# Epiregulin drives keratinocyte hyperproliferation in sorafenib-induced hand-foot skin reaction: A mechanistic and therapeutic insight

**Authors:** Yuxin Liang, Xiao Hong, Xiaorong Zhong, Ke Chen, Jie Wang, Jingbin Zhao, Zhao Li, Jianlin Wu, Guojun Zhou, Xiaolun Huang, Zhengwei Leng

PMC · DOI: 10.1016/j.clinsp.2025.100809 · 2025-10-31

## TL;DR

This study shows that Epiregulin (EREG) causes skin reactions in patients taking sorafenib, suggesting that blocking EREG could help reduce these side effects.

## Contribution

The study is the first to link EREG to sorafenib-induced skin reactions and proposes EREG as a therapeutic target.

## Key findings

- EREG promotes keratinocyte proliferation in HaCaT cells (p < 0.05).
- Sorafenib-treated mice show HFSR features like erythema and hyperkeratosis (p < 0.001).
- EREG expression is significantly upregulated in HFSR-affected tissues (p < 0.001).

## Abstract

•First evidence linking EREG to sorafenib-induced HFSR via keratinocyte proliferation.•Mouse model recapitulates human HFSR with neutrophil-rich inflammation and hyperkeratosis.•EREG promotes HaCaT proliferation (p < 0.05), while sorafenib acts indirectly.•100 mg/kg sorafenib in mice (≈10 mg/kg human dose) validated by FDA scaling.•Therapeutic potential: EREG blockade may mitigate HFSR severity.
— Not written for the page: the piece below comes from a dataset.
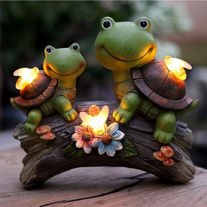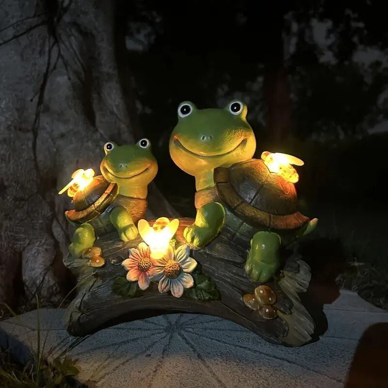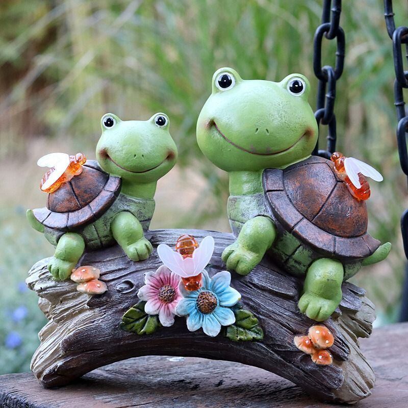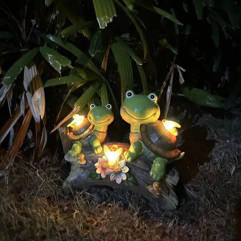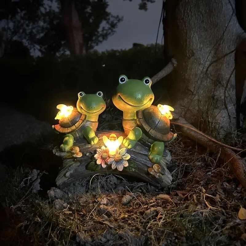 心癒される庭の風景を演出する、かわいい二匹のカメのソーラーオーナメント。お庭や玄関にぴったりの可愛らしいカメの置物は、LEDライトが内蔵されており、暗くなると自動で点灯します。日中に太陽光で充電され、夜になると柔らかな光を放ち、ほっこりとした雰囲気を作り出します。ガーデニングやインテリアとしても楽しめるこのオブジェは、どんなスペースにもマッチし、訪れた人々の心を温かくすること間違いなしです。自然を感じながら、おしゃれなガーデンライフを楽しみましょう。

First evidence linking EREG to sorafenib-induced HFSR via keratinocyte proliferation.

Mouse model recapitulates human HFSR with neutrophil-rich inflammation and hyperkeratosis.

EREG promotes HaCaT proliferation (p < 0.05), while sorafenib acts indirectly.

100 mg/kg sorafenib in mice (≈10 mg/kg human dose) validated by FDA scaling.

Therapeutic potential: EREG blockade may mitigate HFSR severity.

Sorafenib-induced Hand-Foot Skin Reaction (HFSR) significantly impairs patient quality of life, yet its underlying mechanisms remain poorly understood. This study investigates the pivotal role of Epiregulin (EREG), an Epidermal Growth Factor Receptor (EGFR) ligand, in driving keratinocyte hyperproliferation and the pathogenesis of HFSR.

The authors established a murine HFSR model using oral sorafenib (100 mg/kg) and analyzed paw tissues for histopathological changes (H&E staining) and EREG expression (immunohistochemistry). In vitro, HaCaT keratinocytes were treated with sorafenib and recombinant EREG to assess proliferation (CCK-8 assay).

Sorafenib-treated mice exhibited hallmark HFSR features, including erythema, neutrophil infiltration, and thickened keratin layers (p < 0.001). EREG expression was markedly upregulated in affected tissues (p < 0.001). Notably, recombinant EREG dose-dependently enhanced HaCaT cell proliferation (p < 0.05), while sorafenib alone showed no direct proliferative effect.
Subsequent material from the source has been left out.